WORK REQUIRED: Without the pictures, write the listing below out again, line for line.

DATA PROVIDED:
※

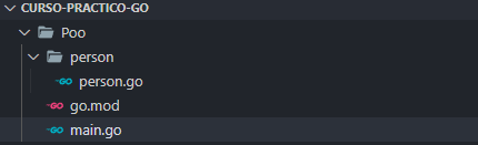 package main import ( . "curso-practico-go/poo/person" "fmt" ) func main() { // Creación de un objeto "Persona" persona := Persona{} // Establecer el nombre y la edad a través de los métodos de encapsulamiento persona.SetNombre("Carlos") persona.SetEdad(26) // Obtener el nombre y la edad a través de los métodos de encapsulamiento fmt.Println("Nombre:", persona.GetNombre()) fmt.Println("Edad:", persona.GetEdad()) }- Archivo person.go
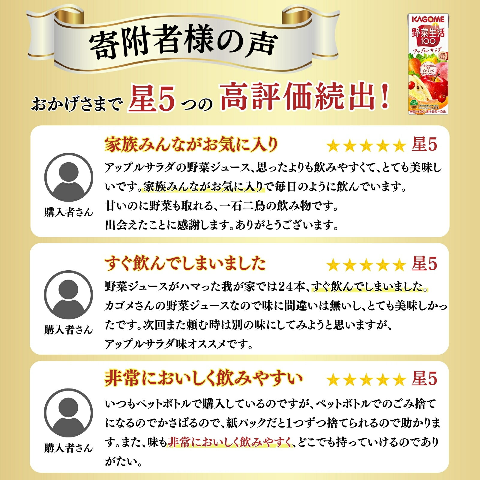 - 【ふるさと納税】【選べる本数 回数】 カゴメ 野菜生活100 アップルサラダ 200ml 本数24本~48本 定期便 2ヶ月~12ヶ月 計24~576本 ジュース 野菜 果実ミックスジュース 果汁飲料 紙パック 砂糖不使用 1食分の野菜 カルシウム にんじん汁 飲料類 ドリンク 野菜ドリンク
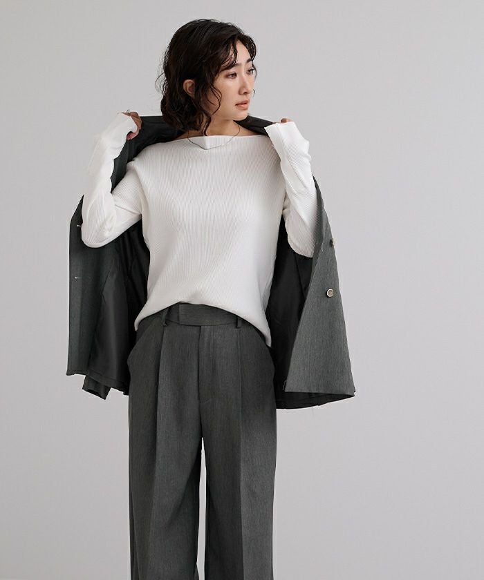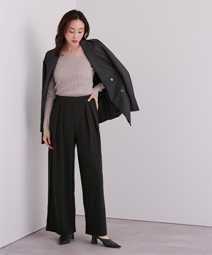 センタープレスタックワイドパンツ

※

ANSWER BELOW:
 package main import ( . "curso-practico-go/poo/person" "fmt" ) func main() { // Creación de un objeto "Persona" persona := Persona{} // Establecer el nombre y la edad a través de los métodos de encapsulamiento persona.SetNombre("Carlos") persona.SetEdad(26) // Obtener el nombre y la edad a través de los métodos de encapsulamiento fmt.Println("Nombre:", persona.GetNombre()) fmt.Println("Edad:", persona.GetEdad()) }- Archivo person.go
 - 【ふるさと納税】【選べる本数 回数】 カゴメ 野菜生活100 アップルサラダ 200ml 本数24本~48本 定期便 2ヶ月~12ヶ月 計24~576本 ジュース 野菜 果実ミックスジュース 果汁飲料 紙パック 砂糖不使用 1食分の野菜 カルシウム にんじん汁 飲料類 ドリンク 野菜ドリンク
 センタープレスタックワイドパンツ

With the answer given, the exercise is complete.